The rest of the movie is just plain messy. It’s got this plot with the Spirit’s backstory and the Octopus being his nemesis and neither of them can die. But it’s also got some backstory from when the Spirit was a kid and not the Spirit yet and he had this girlfriend, Sand Saref, who ended up turning to crime. And now she’s stolen a crate with a vase full of blood in it instead of a crate full of some sort of treasure we never really find out too much about. The Octopus wants the vase full of blood and while one would think they’d arrange a trade right quick one would be wrong. Instead they faff about for an hour or so. The Octopus makes his hideous foot clone and Sand kills some people for kicks and the Spirit tries to track them down and his faithful doctor girlfriend waits for him to get carted into the hospital. And her father’s the police commissioner and he works with the Spirit, who used to be a cop before he died, but he doesn’t like his lone wolf techniques. And there’s a rookie who wishes she was Paget Brewster and a siren who’s actually death, I think, who tries to seduce the Spirit into dying whenever he gets close to death.

It’s not that it’s hard to follow!
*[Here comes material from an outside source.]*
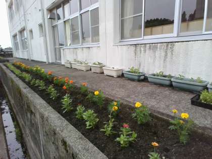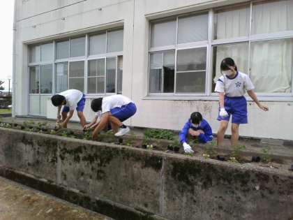 6月6日(木)生徒会活動の時間がありました。ボランティア実践部員27名は、呼びかけたボランティア20名は学校の前庭の花壇やプランターに花苗を植えました。土を耕したあとに生えた草を取り、小さな苗を丁寧に植えました。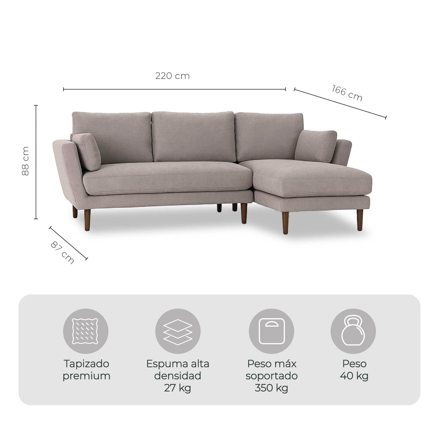 - Medidas: 220 cm largo x 88 cm alto x 87/166 cm profundidad

This is not a complicated movie. It’s just messily put together. Oh, visually it’s quite pretty, with the not quite black and white visuals with little hints and pops of color. Unfortunately it’s not handled as well as the other two black/white/bit-of-color movies I can think of, namely Sin City and Pleasantville. The former was stark, keeping the color to splashes and highlights. Red sneakers here, blue eyes there, yellow bastard in the corner. The latter used some more subtle and realistic shades, washing them in over skin and the pages of books and the leaves of trees. This movie hits somewhere in the middle. The Spirit’s tie is bright red, but the Octopus’ gloves have dark burgundy accents that barely read. It diminishes the whole effect and while the movie is pretty, it could have been so much more visually arresting.

I honestly don’t know what else I can say about this movie. I don’t know what else there is to say. It’s a movie that doesn’t quite know what it is. It’s got a great cast that’s wasted on clumsy lines and a messy plot. It’s got a director who has gone on record as having been so distracted by an actress in a skimpy outfit that he yelled cut instead of action (and if I was an actress in a movie where the director did that I’d be pretty pissed – just saying). It’s got flat humor and pointless Nazi villains and it is about as much fun as doing a sink full of dishes.